Your assignment - Under this line is a listing; return exactly the lines starting at the one with "yoğurdun üzerine yerleştirin." and running down to the one with "飞行模式吉他谱 - 华晨宇 - C调吉他弹唱谱 - 原版", and leave out its pictures.

Information given -
= Beginning of Section =

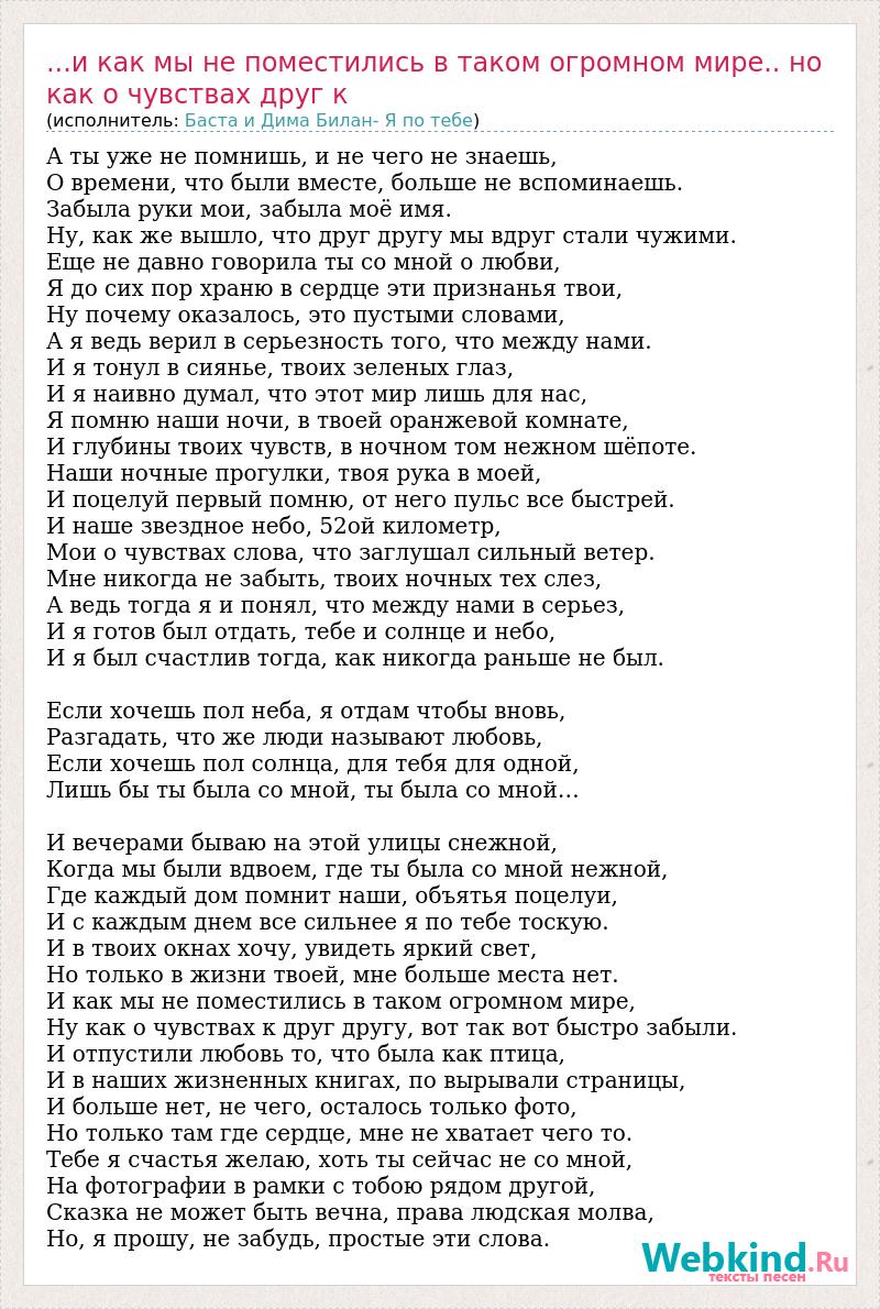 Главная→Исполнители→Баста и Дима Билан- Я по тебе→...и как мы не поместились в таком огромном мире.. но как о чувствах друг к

= End of Section =
= Beginning of Section =

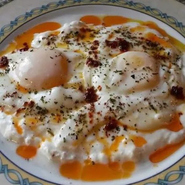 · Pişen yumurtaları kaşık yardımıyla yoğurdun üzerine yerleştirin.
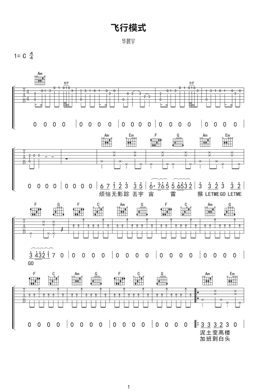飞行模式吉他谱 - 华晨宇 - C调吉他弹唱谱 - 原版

= End of Section =
= Beginning of Section =

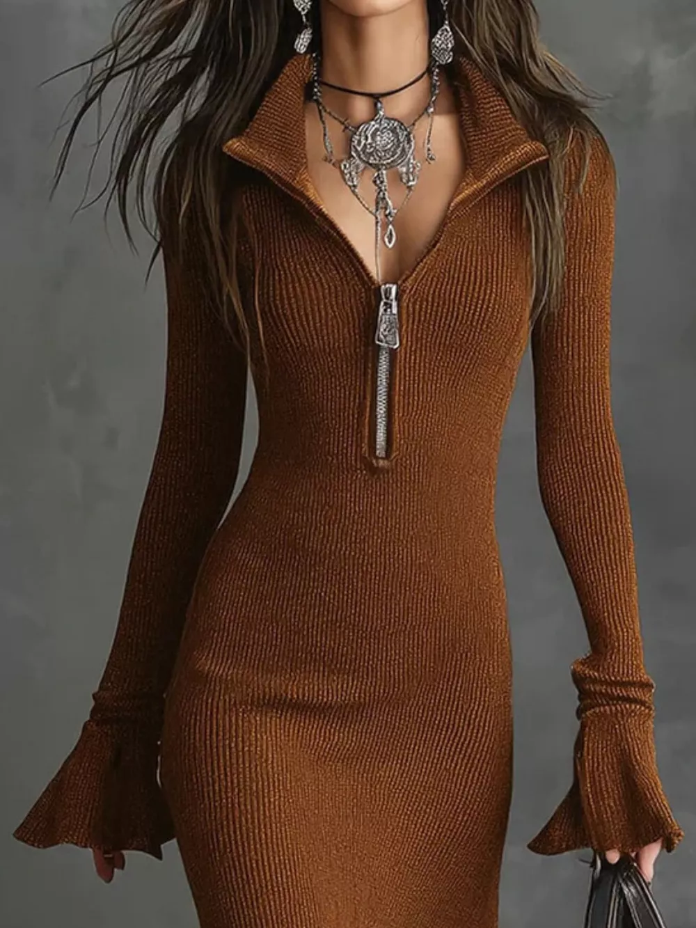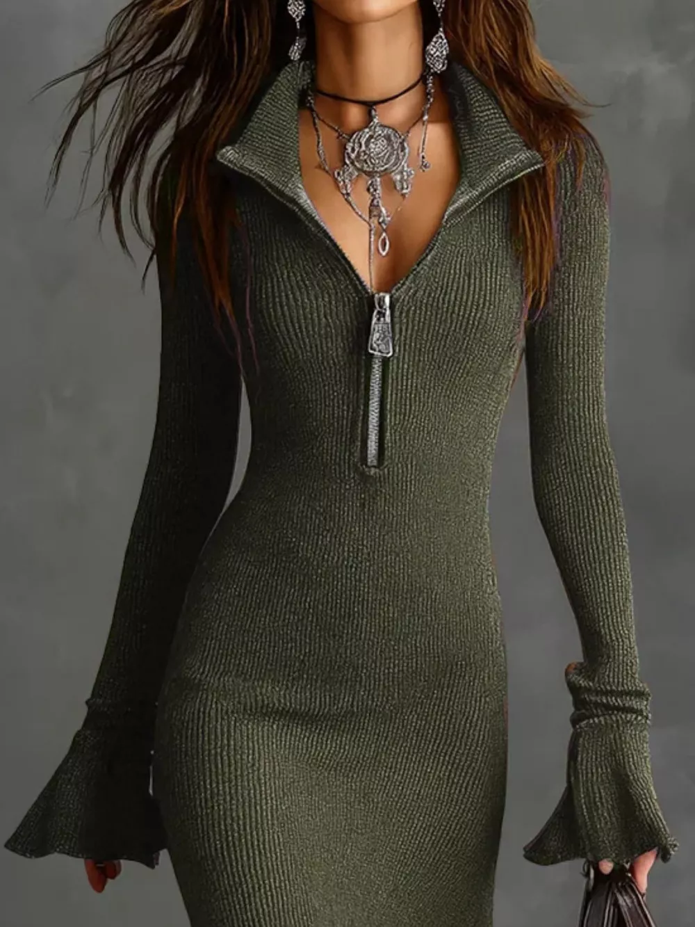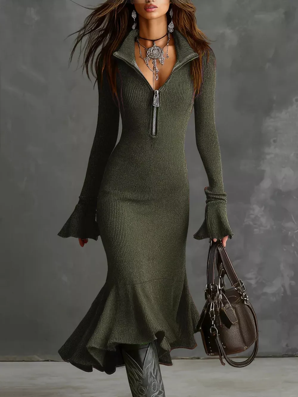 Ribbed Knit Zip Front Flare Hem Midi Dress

= End of Section =

Your solution -
 · Pişen yumurtaları kaşık yardımıyla yoğurdun üzerine yerleştirin.
飞行模式吉他谱 - 华晨宇 - C调吉他弹唱谱 - 原版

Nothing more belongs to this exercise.